THX is a high-fidelity audio/visual reproduction standard for movie theaters, screening rooms, home theaters, computer speakers, gaming consoles, and car audio systems. The current THX was created in 2002, when it spun off from Lucasfilm; THX was developed in 1983 by Tomlinson Holman at George Lucas's company Lucasfilm to ensure that the soundtrack for the third Star Wars film, Star Wars Episode VI: Return of the Jedi, would be accurately reproduced in the best venues. THX was named after Holman, with the "X" standing for crossover as well as an homage to Lucas's first film, THX 1138. The distinctive crescendo used in the THX trailers, created by Holman's co-worker James A. Moorer, is known as the "Deep Note".

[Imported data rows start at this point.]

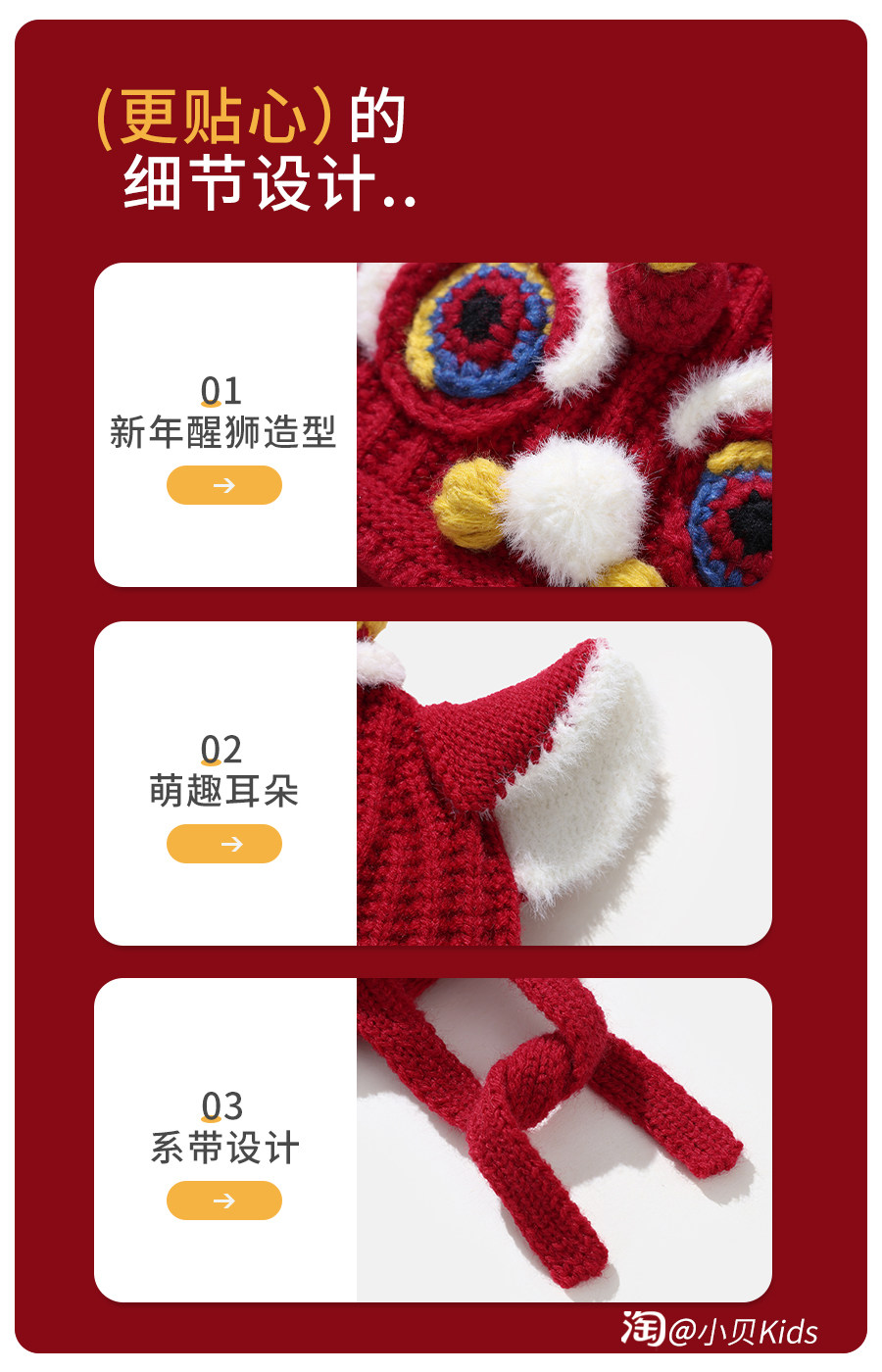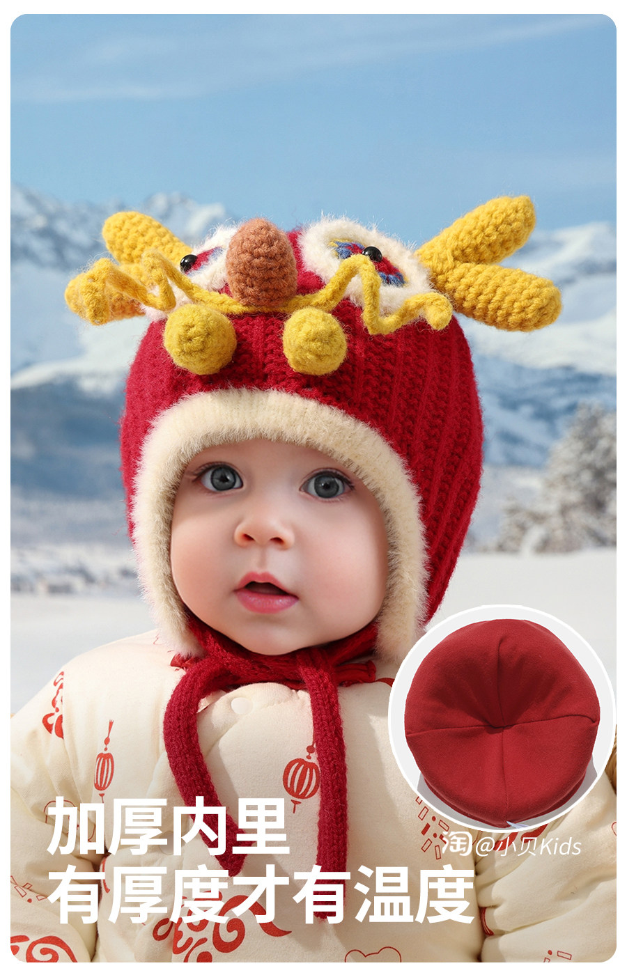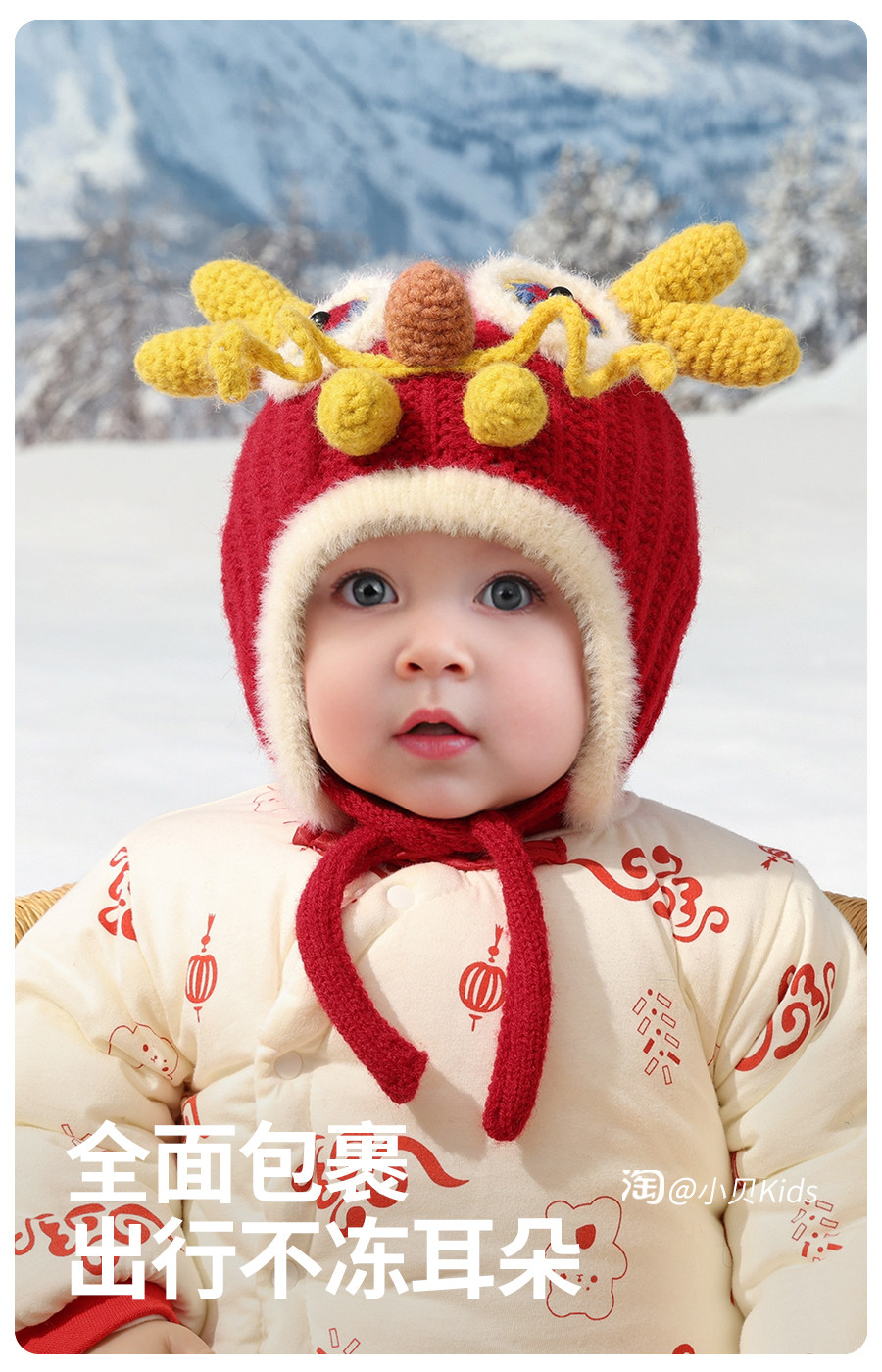 New Year's red baby hat baby autumn and winter national trend boys faucet hat girls woolen hat children's ear protection hat
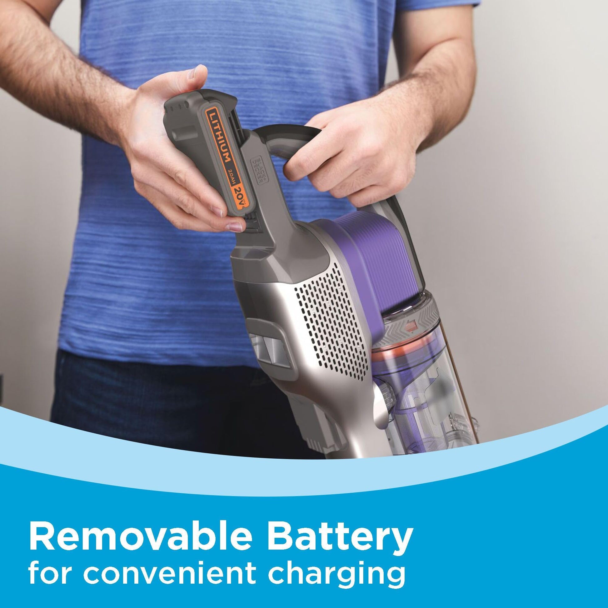 The POWERSERIES Extreme Pet 20V MAX Cordless Stick Vacuum features the 3X Cleaning System: 1) Floorhead angle is designed to clean up multiple surfaces, from hard floors, to area rugs, and carpets; 2) The V-shaped bristle pattern is designed to pick up messes of various sizes, including pet hair, dust, and crumbs 3) The patented anti-tangle brush bar is designed to minimize hair wrap and maximize suction power. This pet hair vacuum cordless is engineered for homes with pets, making cleanup easier and more efficient.The front-facing dustbin gives quick access when emptying, and allows the cordless pet vacuum cleaner to lay flat for hard-to-reach areas. The built-in twist to clean filter provides up to twice the suction power. 3-speed control lets you select the right power for clean up on hard surfaces, area rugs, or powerful pick up on carpet. Enjoy the convenience of a portable vacuum cordless design, perfect for maneuvering throughout your home.The POWERSERIES Extreme stick vacuum cordless rechargeable delivers up to 55 minutes of run time. Detach the removable 20V MAX battery to charge separately from the vacuum, or leave in your vacuum to charge while itself stands or when placed on its wall mount. As a stair vacuum for carpet, it’s ideal for daily use and tackling stubborn pet messes. If you’re searching for a couch vacuum pet hair, this model offers the reliability and power needed to keep your home clean and comfortable. *Compared to BLACK+DECKER HCUA525JP
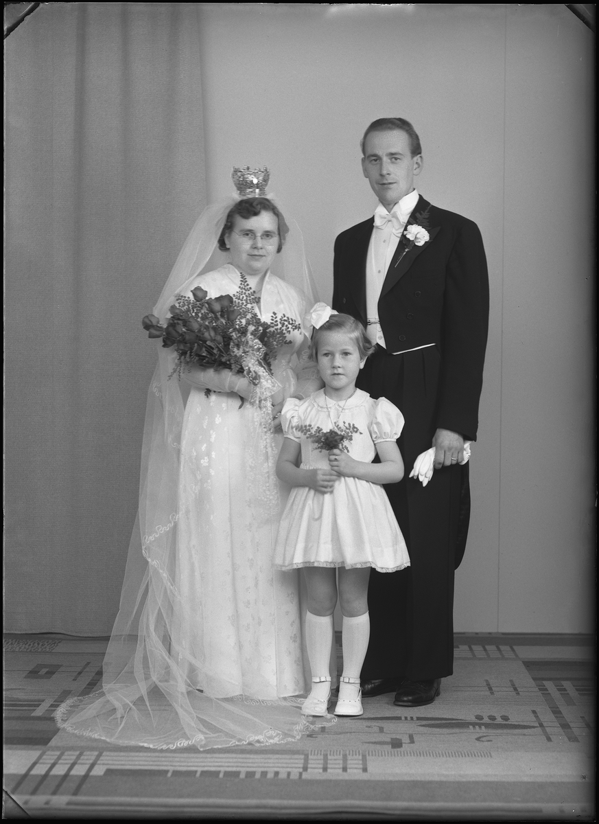 Titel: Grupporträtt, brudpar. Sven Eriksson, Surahammar. Ur Gustaf Åhmans samling.
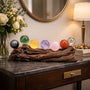 Features a curated selection of natural crystal spheres chosen for color, texture, and aesthetic balance—not symbolic claims. -
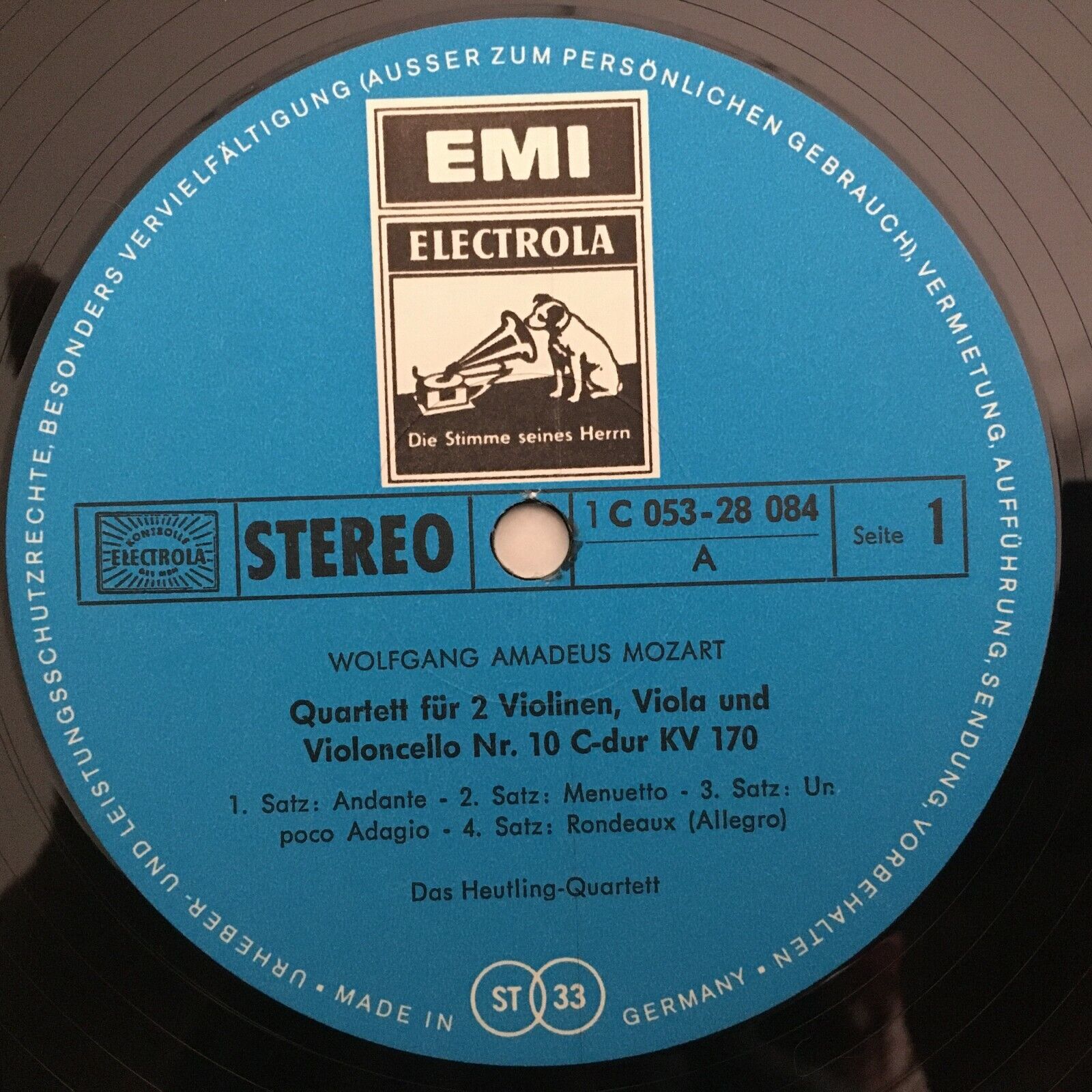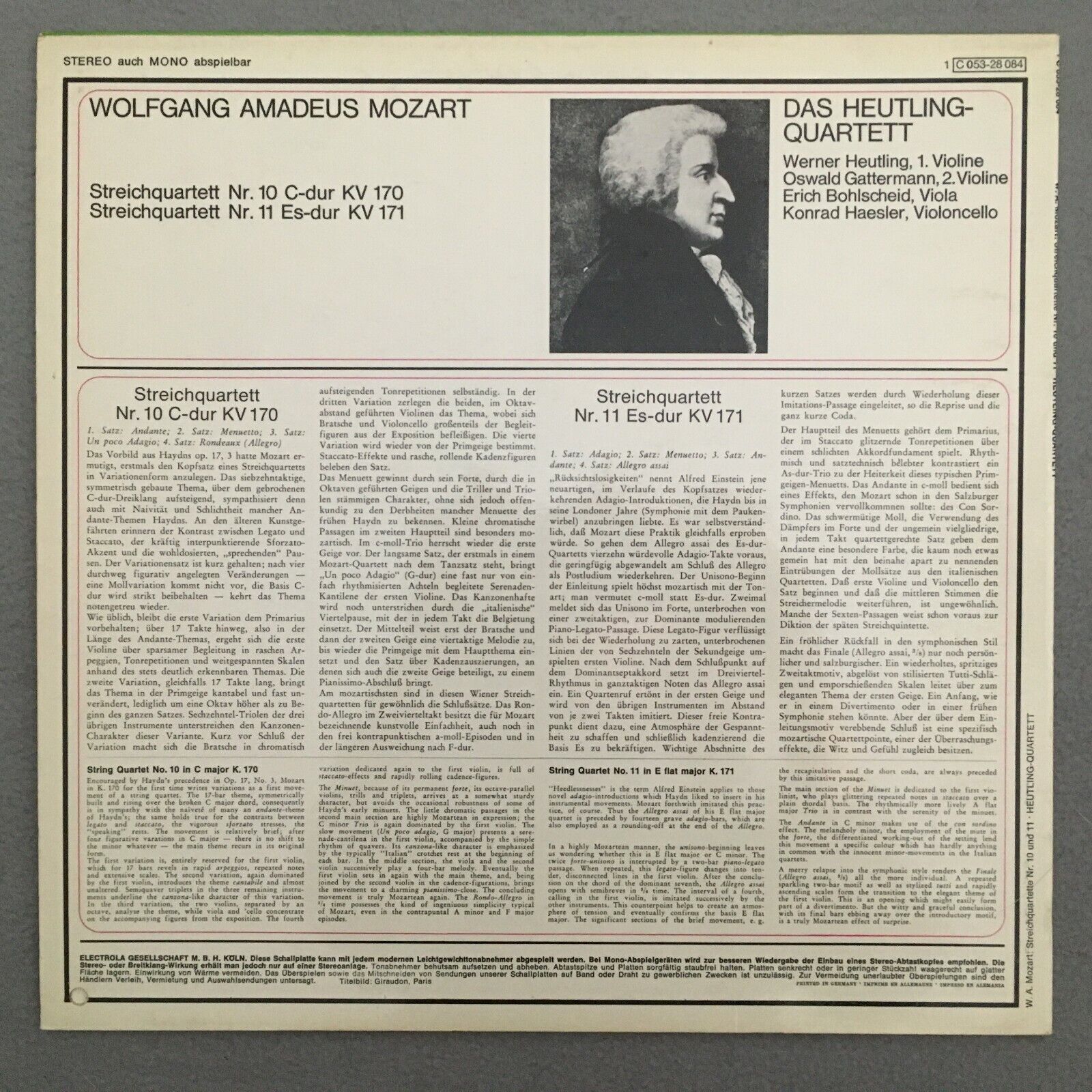 S966 Mozart String Quartets No.10 &11 Heutling Quartet EMI 1 C 053-28 084 Stereo

The THX system is not a recording technology, and it does not specify a sound recording format: all sound formats, whether digital (Dolby Digital, SDDS, etc.) or analog (Dolby Stereo, Ultra-Stereo, etc.), can be "shown in THX." THX is mainly a quality assurance system. THX-certified theaters provide a high-quality, predictable playback environment to ensure that any film soundtrack mixed in THX will sound as near as possible to the intentions of the mixing engineer. THX also provides certified theaters with a special audio crossover circuit whose use is part of the standard. Certification of an auditorium entails specific acoustic and other technical requirements; architectural requirements include acoustically-treated walls, no parallel walls to reduce standing wave, a perforated screen to allow continuity and rating for background noise.

THX is currently owned by Audio Equipment Manufacturer Razer, Inc.